Shared decision-making based on different features of risk in the context of diabetes mellitus and rheumatoid arthritis
Authors Monica Ortendahl
Published 15 January 2008 Volume 2007:3(6) Pages 1175—1180
Royal Institute of Technology, Stockholm, Sweden
Abstract: There is an increased awareness about patients’ involvement in the clinical decision process where uncertainty is an unavoidable condition. The impact of psychological factors like risk aversion, risk aversion and time, asymmetry in risk aversion, and risk and control on shared decision-making is discussed. In addition to differences in risk estimates, doctors and patients may exhibit a difference in perception of time perspectives, and losses versus gains.

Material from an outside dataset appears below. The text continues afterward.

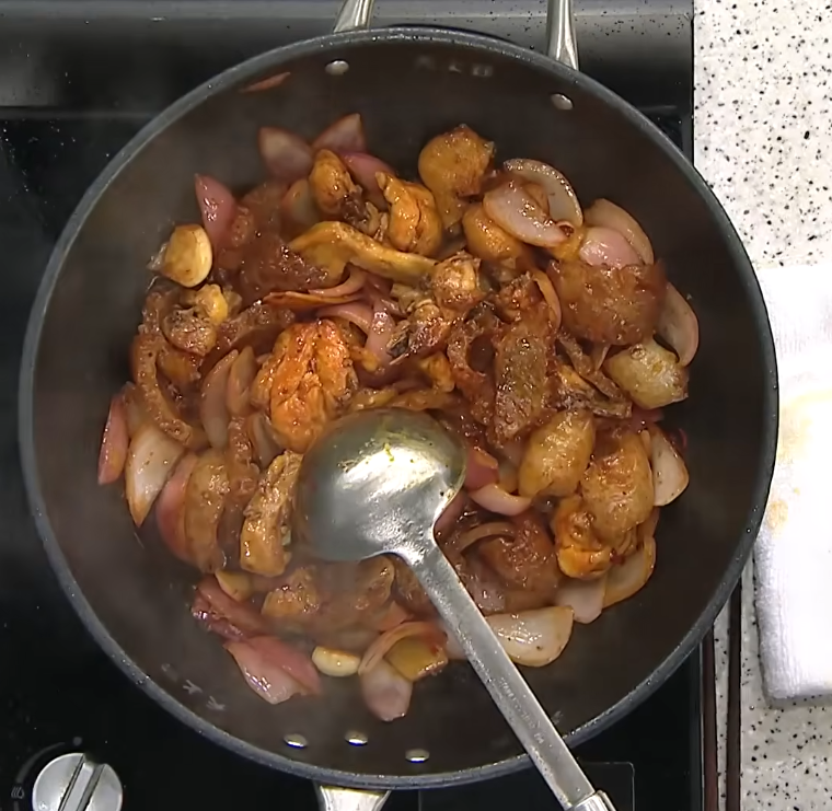 ◦ 利用鍋中由雞件釋出的油,放入薑、蒜等爆香。

A summary of valuation factors in shared decision-making is presented: (a) the doctors tend to follow expected value combinations more closely, while the patient is more risk aversive; (b) unwillingness to take risks increases for rare outcomes; (c) there is an increased tendency to take risks with delayed outcomes of the decisions; (d) the doctor is generally well informed about risk and time aspects for different diseases, whereas this might not always be the case with the patient; (e) rheumatoid arthritis and diabetes mellitus are chronic diseases, and both create a vulnerability to a variety of complications over time; (f) rheumatoid arthritis demands different combinations of treatments sequentially over time, whereas diabetes mellitus is treated with insulin; (g) many diseases, like rheumatoid arthritis and diabetes mellitus, are not completely affected by control, as the disease may constantly progress.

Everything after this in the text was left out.